Router local / YAML-first

For local Docker or direct router development, hand-author config.yaml in canonical form and validate it before serving:

vllm-sr validate config.yaml
vllm-sr serve --config config.yaml

If you only need to override a few runtime defaults, write those under global: and leave the rest unset.

Dashboard / onboarding

Use the dashboard when you want to import or edit the full canonical YAML directly.

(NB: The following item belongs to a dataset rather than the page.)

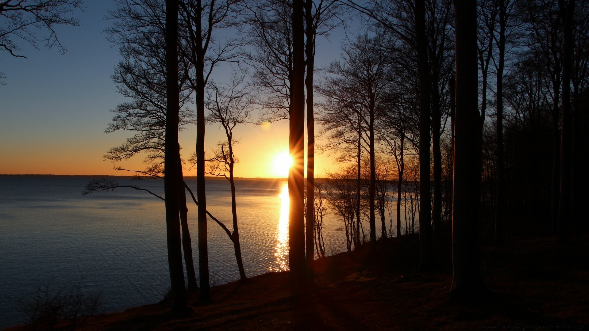 Die untergehende sonne, die hinter einem baum auf einem wasserhintergrund schautDie untergehende Sonne, die hinter einem Baum auf einem Wasserhintergrund schaut

  • onboarding remote import accepts a complete version/listeners/providers/routing/global file
  • the config page edits the same canonical contract
  • the DSL editor can import the same YAML, but it only decompiles routing
  • decision model refs can carry lora_name, and those names resolve against routing.modelCards[].loras

Helm

Helm values now mirror the same canonical contract under config.

config:
version: v0.3
providers:
defaults:
default_model: qwen3-8b
models:
- name: qwen3-8b
provider_model_id: qwen3-8b
backend_refs:
- name: primary
endpoint: semantic-router-vllm.default.svc.cluster.local:8000
protocol: http
routing:
modelCards:
- name: qwen3-8b

Then install or upgrade normally:

helm upgrade --install semantic-router deploy/helm/semantic-router -f values.yaml

Operator

The operator keeps the same logical contract, but it wraps it inside the CRD:

  • spec.config.providers
  • spec.config.routing
  • spec.config.global

spec.vllmEndpoints is still the Kubernetes-native backend discovery adapter. The controller projects that data into canonical providers.models[].backend_refs[] and routing.modelCards entries, including any declared loras, when it renders the router config.

See Kubernetes Operator.

DSL

DSL only owns the routing surface.

  • Author MODEL, SIGNAL, and ROUTE
  • Compile to a routing fragment
  • Keep providers and global in YAML

The DSL compiler emits:

routing:
modelCards:
signals:
decisions:

It does not emit listeners, providers, or global.

Import and migration

Onboarding remote import

The setup wizard can import a full canonical YAML file from a URL and apply the complete config, including providers, routing, and global.

DSL import

The DSL editor can import:

  • a full router config YAML
  • a routing-only YAML fragment

In both cases, only the routing section is decompiled into DSL.

Migrate old configs

Use the CLI migration command for older flat or mixed configs:

vllm-sr config migrate --config old-config.yaml

This migrates legacy shapes such as:

  • top-level signals, flat keyword_rules/categories/other signal blocks, and decisions
  • top-level model_config
  • top-level vllm_endpoints and provider_profiles
  • providers.models[].endpoints
  • inline access_key

into canonical providers/routing/global.

Quick guides by environment

Python CLI

  1. Write config.yaml in canonical form.
  2. Run vllm-sr validate config.yaml.
  3. Run vllm-sr serve --config config.yaml.

Router local

  1. Keep provider-wide defaults in providers.defaults and deployment bindings in providers.models[].backend_refs[].
  2. Keep routing semantics in routing.modelCards/signals/decisions.
  3. Put only runtime overrides you actually need under global.router/services/stores/integrations/model_catalog, and keep model-backed module settings under global.model_catalog.modules.
  4. Use global.router.config_source: kubernetes only when the in-process IntelligentPool / IntelligentRoute controller is the active source of truth. Leave it as file for normal local, CLI, dashboard, Helm, and operator-authored canonical YAML.

Helm

  1. Put the same canonical config under values.yaml -> config.
  2. Use helm upgrade --install ... -f values.yaml.
  3. Treat Helm as a deployment wrapper, not a second config schema.

Operator

  1. Put portable config under spec.config.
  2. Use spec.vllmEndpoints only when you want Kubernetes-native backend discovery.
  3. Expect the operator to render canonical router config from that adapter layer.

DSL

  1. Use DSL for routing.modelCards, routing.signals, and routing.decisions.
  2. Importing a full YAML file still works, but only routing is decompiled into DSL.
  3. Keep endpoints, API keys, listeners, and global in YAML.
  4. Reusable routing fragments now live under config/signal/, config/decision/, config/algorithm/, and config/plugin/.